Senior Home Ministry officials said the bank accounts of the NGOs had been frozen.

February 28, 2012 07:12 pm | Updated November 17, 2021 12:16 am IST - New Delhi

Anti-KKNPP protesters stage a demonstration near Tirunelveli. The Centre has blamed the NGOs for allegedly diverting foreign funds for the protests. File photo: A. Shaikmohideen

Anti-KKNPP protesters stage a demonstration near Tirunelveli. The Centre has blamed the NGOs for allegedly diverting foreign funds for the protests. File photo: A. Shaikmohideen

In a blow to the voluntary sector, the Union government has ordered registration of cases against four non-governmental organisations (NGOs), whom it suspects to be behind the growing agitation against the Kudankulam nuclear power project.

“While the Central Bureau of Investigation has registered cases against two NGOs, the State [Tamil Nadu] police have filed cases against two others for violation of provisions of the Foreign Contribution Regulation Act (FCRA),” Union Home Secretary R.K. Singh told journalists here on Tuesday.

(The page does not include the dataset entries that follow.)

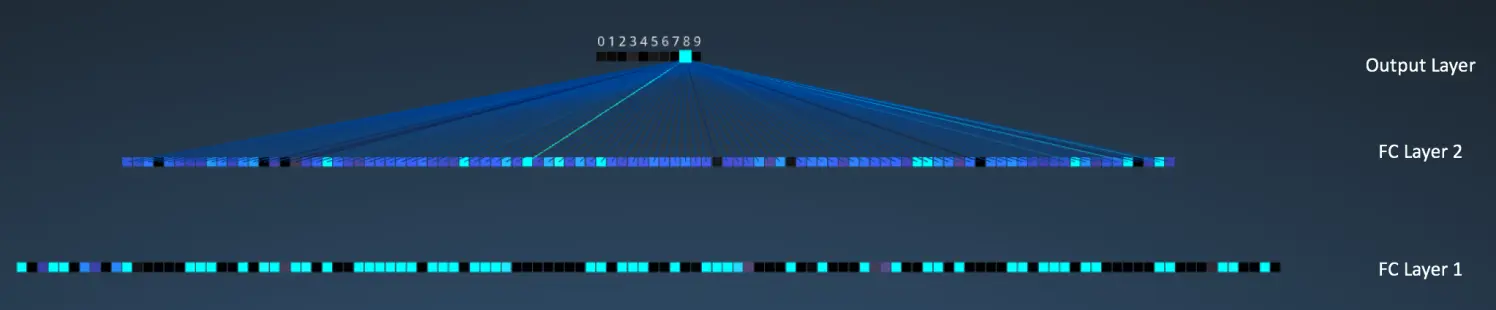 从全连接层得到的输出概率和为 1。这个可以在输出层使用 softmax 作为激活函数进行保证。softmax 函数输入一个任意大于 0 值的矢量,并把它们转换为零一之间的数值矢量,其和为一。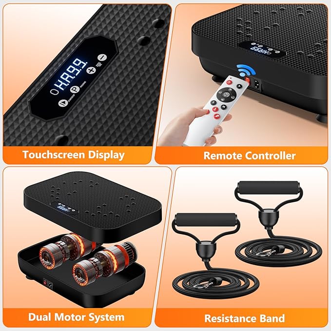 - Reliable Guarantee: Its quiet motor and anti-noise suction cups deliver a peaceful experience, making it perfect for home use without disturbing others.The bottom four anti-slip suction cups ensure stability of the vibration plate, preventing slipping and reducing exercise noise, ensuring minimal disturbance during workouts.Its maximum load-bearing capacity is 330 pounds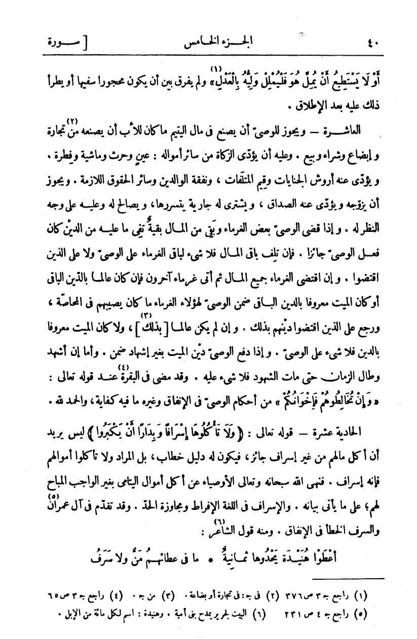 أَوْ لَا يَسْتَطِيعُ أَنْ يُمِلَّ هُوَ فَلْيُمْلِلْ وَلِيُّهُ بِالْعَدْلِ «١» (وَلَمْ يُفَرِّقْ بَيْنَ أَنْ يَكُونَ مَحْجُورًا سَفِيهًا أَوْ يَطْرَأُ ذَلِكَ عَلَيْهِ بَعْدَ الْإِطْلَاقِ. الْعَاشِرَةُ- وَيَجُوزُ لِلْوَصِيِّ أَنْ يَصْنَعَ فِي مال اليتيم ما كان للأب أن يصنعه مِنْ «٢» تِجَارَةٍ وَإِبْضَاعٍ وَشِرَاءٍ وَبَيْعٍ. وَعَلَيْهِ أَنْ يُؤَدِّيَ الزَّكَاةَ مِنْ سَائِرِ أَمْوَالِهِ: عَيْنٍ وَحَرْثٍ وَمَاشِيَةٍ وَفِطْرَةٍ. وَيُؤَدِّي عَنْهُ أُرُوشَ الْجِنَايَاتِ وَقِيَمَ الْمُتْلَفَاتِ، وَنَفَقَةَ الْوَالِدَيْنِ وَسَائِرَ الْحُقُوقِ اللَّازِمَةِ. وَيَجُوزُ أَنْ يُزَوِّجَهُ وَيُؤَدِّيَ عَنْهُ الصَّدَاقَ، وَيَشْتَرِيَ لَهُ جَارِيَةً يَتَسَرَّرُهَا، وَيُصَالِحُ لَهُ وَعَلَيْهِ عَلَى وَجْهِ النَّظَرِ لَهُ. وَإِذَا قَضَى الْوَصِيُّ بَعْضَ الْغُرَمَاءِ وَبَقِيَ مِنَ الْمَالِ بَقِيَّةٌ تَفِي مَا عَلَيْهِ مِنَ الدَّيْنِ كَانَ فِعْلُ الْوَصِيِّ جَائِزًا. فَإِنْ تلف باقي المال فلا شي لِبَاقِي الْغُرَمَاءِ عَلَى الْوَصِيِّ وَلَا عَلَى الَّذِينَ اقْتَضَوْا. وَإِنِ اقْتَضَى الْغُرَمَاءُ جَمِيعَ الْمَالِ ثُمَّ أَتَى غُرَمَاءُ آخَرُونَ فَإِنْ كَانَ عَالِمًا بِالدَّيْنِ الْبَاقِي أَوْ كَانَ الْمَيِّتُ مَعْرُوفًا بِالدَّيْنِ الْبَاقِي ضَمِنَ الْوَصِيُّ لِهَؤُلَاءِ الْغُرَمَاءِ مَا كَانَ يُصِيبُهُمْ فِي الْمُحَاصَّةِ، وَرَجَعَ عَلَى الَّذِينَ اقْتَضَوْا دَيْنَهُمْ بِذَلِكَ. وَإِنْ لَمْ يَكُنْ عَالِمًا [بِذَلِكَ «٣»]، وَلَا كان الميت معروفا بالدين فلا شي عَلَى الْوَصِيِّ. وَإِذَا دَفَعَ الْوَصِيُّ دَيْنَ الْمَيِّتِ بِغَيْرِ إِشْهَادٍ ضَمِنَ. وَأَمَّا إِنْ أَشْهَدَ وَطَالَ الزمان حتى مات الشهود فلا شي عَلَيْهِ. وَقَدْ مَضَى فِي الْبَقَرَةِ «٤» عِنْدَ قَوْلِهِ تَعَالَى: (وَإِنْ تُخالِطُوهُمْ فَإِخْوانُكُمْ) مِنْ أَحْكَامِ الْوَصِيِّ فِي الْإِنْفَاقِ وَغَيْرِهِ مَا فِيهِ كِفَايَةٌ، وَالْحَمْدُ لِلَّهِ. الْحَادِيَةُ عَشْرَةَ- قَوْلُهُ تَعَالَى: (وَلا تَأْكُلُوها إِسْرافاً وَبِداراً أَنْ يَكْبَرُوا) لَيْسَ يُرِيدُ أَنَّ أَكْلَ مَالِهِمْ مِنْ غَيْرِ إِسْرَافٍ جَائِزٌ، فَيَكُونُ لَهُ دَلِيلُ خِطَابٍ، بَلِ الْمُرَادُ وَلَا تَأْكُلُوا أَمْوَالَهُمْ فَإِنَّهُ إِسْرَافٌ. فَنَهَى اللَّهُ سُبْحَانَهُ وَتَعَالَى الْأَوْصِيَاءَ عَنْ أَكْلِ أَمْوَالِ الْيَتَامَى بِغَيْرِ الْوَاجِبِ الْمُبَاحِ لَهُمْ، عَلَى مَا يَأْتِي بَيَانُهُ. وَالْإِسْرَافُ فِي اللُّغَةِ الْإِفْرَاطُ وَمُجَاوَزَةُ الْحَدِّ. وَقَدْ تَقَدَّمَ فِي آلِ عِمْرَانَ «٥» وَالسَّرَفُ الْخَطَأُ فِي الْإِنْفَاقِ. وَمِنْهُ قَوْلُ الشَّاعِرِ «٦»:

Later in the night, the CBI confirmed that it had received a reference from the Home Ministry for investigation into the two NGOs of Tamil Nadu for the alleged FCRA violations.

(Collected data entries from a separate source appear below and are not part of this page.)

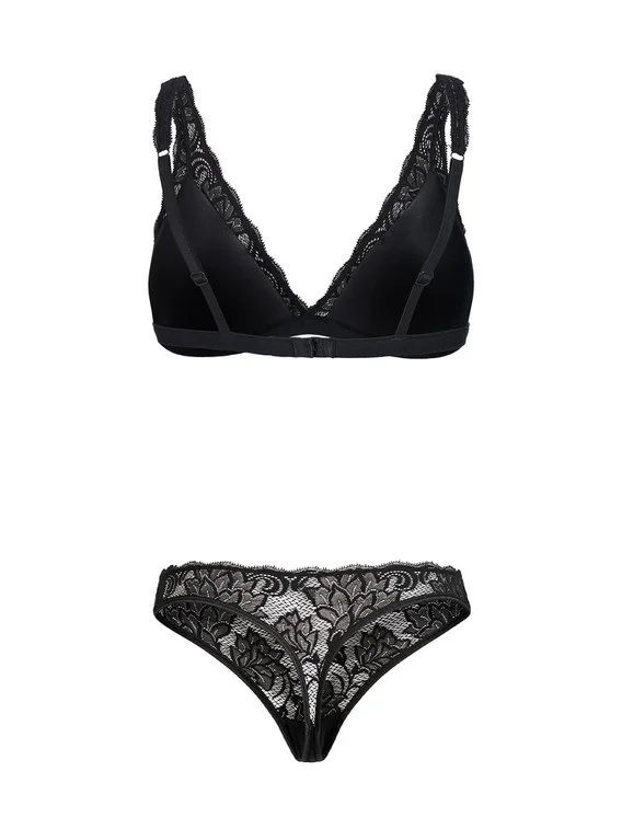 Das Wäsche-Set von ERLICH TEXTIL setzt sich aus dem femininen „Franziska“ Schalen-BH und dem sexy „Emilia“ String zusammen. BH und Höschen bestehen aus feiner, floraler Spitze aus recyceltem Garn, die für einen hohen Tragekomfort und einen eleganten Look sorgt. Der bügellose Triangel-BH verfügt über vorgeformte Pads, um eine natürliche, runde Brustform zu bieten.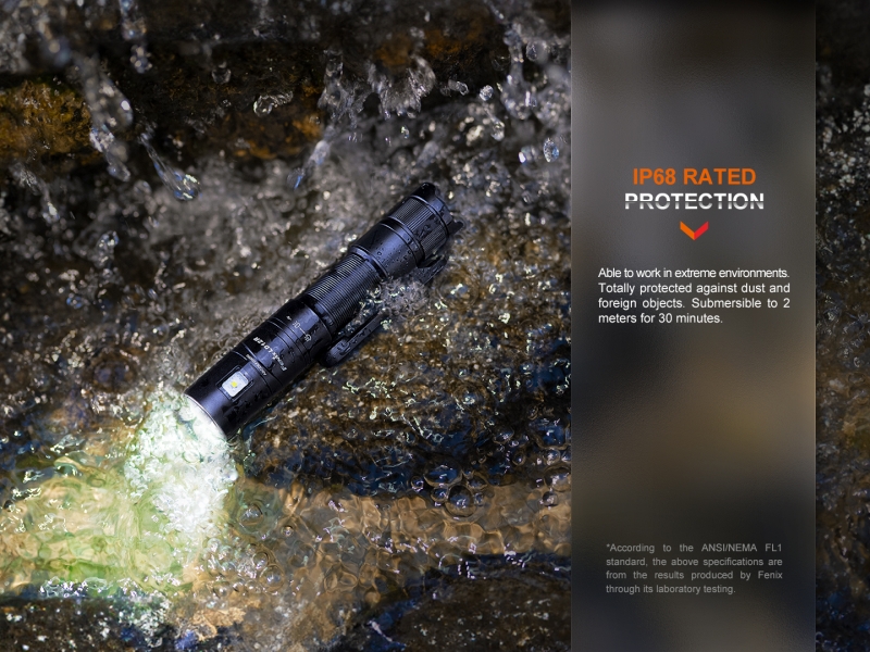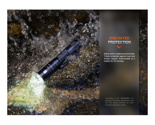 Izdelana je iz anodiziranega letalskega aluminija. Popolna zaščita po standardu IP68. Svetilka ima ojačano ultra-čisto dvojno lečo z anti - reflektivno prevleko proti odsevu. Prav tako ima elektronsko regulirano svetilnost in ročaj iz nedrsečega materiala.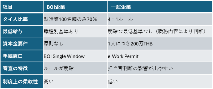 ・一般企業に適用される**4:1ルール(タイ人4名につき外国人1名)**が原則免除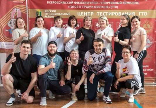 В рамках первомайской акции профсоюзов в Яйском районе в 2024г под девизом "Достойный труд каждого гарантия благополучия семьи и развития страны" работники ГАУЗ Яйская РБ , члены первичной профсоюзной организации выполнили нормативы ГТО (Готов к труду и обороне).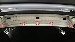 Note1x fir tree clip on the lower A-pillar, 4x fir tree clips on the B-pillar, 1x fir tree clip on the lower C-pillar.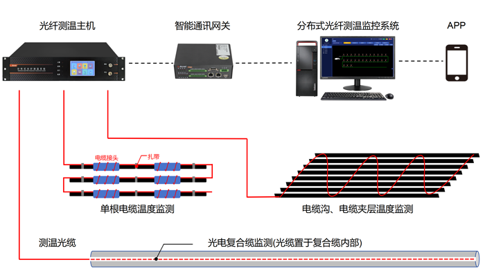 | 对外显示 | RJ45网线连接工控机或选配4.3-10寸液晶屏 展示温度曲线、测温光纤施工质量、网络信息、设备自检、设备信息、报警记录、设备消音等功能 |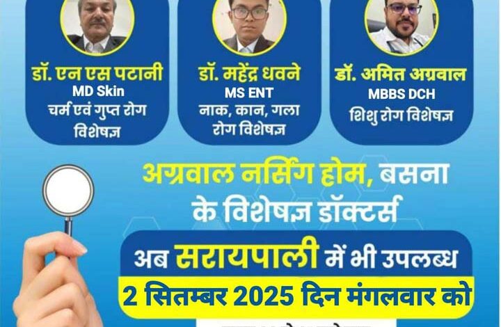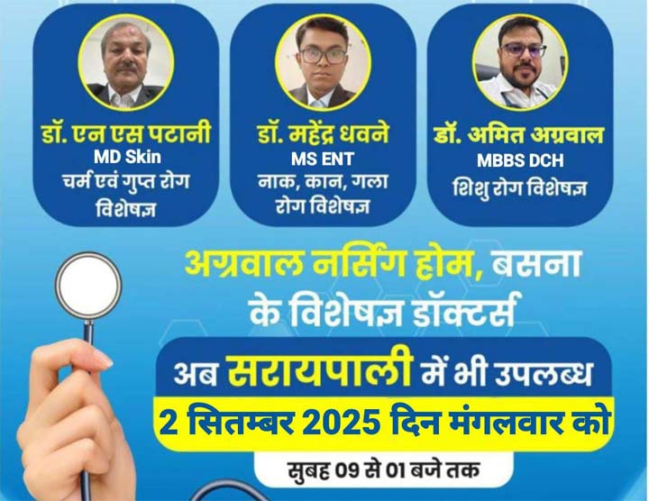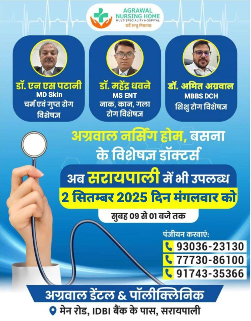 सरायपाली में 2 सितम्बर को अग्रवाल डेंटल पॉलीक्लिनिक में बसना केस्पेशलिस्ट डॉक्टर,उपलब्ध रहेंगे मरीजों को मिलेगा बड़ा लाभ

Its spokesperson said the agency was writing to the State government for its consent for beginning the probe. Incidentally, the Ministry's reference has not made any connection of the two NGOs with the anti-nuclear agitation at Kudankulam.

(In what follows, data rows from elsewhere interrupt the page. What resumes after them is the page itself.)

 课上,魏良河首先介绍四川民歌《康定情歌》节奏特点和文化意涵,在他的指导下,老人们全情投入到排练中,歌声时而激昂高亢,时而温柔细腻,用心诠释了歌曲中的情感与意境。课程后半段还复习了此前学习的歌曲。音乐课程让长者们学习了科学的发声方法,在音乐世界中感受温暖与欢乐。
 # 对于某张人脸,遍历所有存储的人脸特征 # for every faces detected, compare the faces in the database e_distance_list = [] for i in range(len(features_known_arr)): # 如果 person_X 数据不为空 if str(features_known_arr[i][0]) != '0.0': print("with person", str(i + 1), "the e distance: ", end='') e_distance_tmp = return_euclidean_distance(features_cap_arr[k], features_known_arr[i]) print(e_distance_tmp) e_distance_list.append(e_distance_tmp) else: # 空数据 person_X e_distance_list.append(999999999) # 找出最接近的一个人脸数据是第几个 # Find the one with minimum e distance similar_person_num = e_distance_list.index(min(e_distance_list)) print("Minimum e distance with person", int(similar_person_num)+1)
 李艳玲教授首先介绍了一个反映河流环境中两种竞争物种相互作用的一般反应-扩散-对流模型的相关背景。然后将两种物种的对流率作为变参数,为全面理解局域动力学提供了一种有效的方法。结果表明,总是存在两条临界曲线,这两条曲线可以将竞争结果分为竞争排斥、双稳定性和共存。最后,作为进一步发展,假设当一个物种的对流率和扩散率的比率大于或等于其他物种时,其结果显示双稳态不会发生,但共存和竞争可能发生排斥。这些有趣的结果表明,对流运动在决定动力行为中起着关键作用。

The crackdown comes within days of Prime Minister Manmohan Singh saying, in an interview to the Science magazine, that NGOs had been funding agitations against nuclear power plants in the country. They were allegedly diverting foreign funds to this end.

Senior Home Ministry officials said the NGOs were asked to show cause and their bank accounts were frozen as these were ostensibly used for diverting money for funding agitations. It was found that the NGOs hurriedly “manufactured” receipts to show utilisation of lump-sum payments originally meant for charity.

Denying the allegation that the NGO he runs had received funds from the U.S. and Scandinavian nations, S.P. Udayakumar, convener, People's Movement against Nuclear Energy, has said he will file a defamation suit against the Prime Minister for alleging that foreign funds were used to organise protests against the Kudankulam project.

The officials said a German national, who was picked up by the Tamil Nadu police at Nagercoil for allegedly assisting the anti-nuclear plant protesters, was deported earlier on Tuesday.

Sonnteg Reiner Hermann, 49, against whom the Home Ministry had issued a “look-out notice,” was detained by the police monitoring the protests.

Arriving in India on a tourist visa, he had been helping the protesters in violation of the visa rules. “He had no business to be in Nagercoil. He had violated all the visa rules, and hence we have deported him,” a senior official said.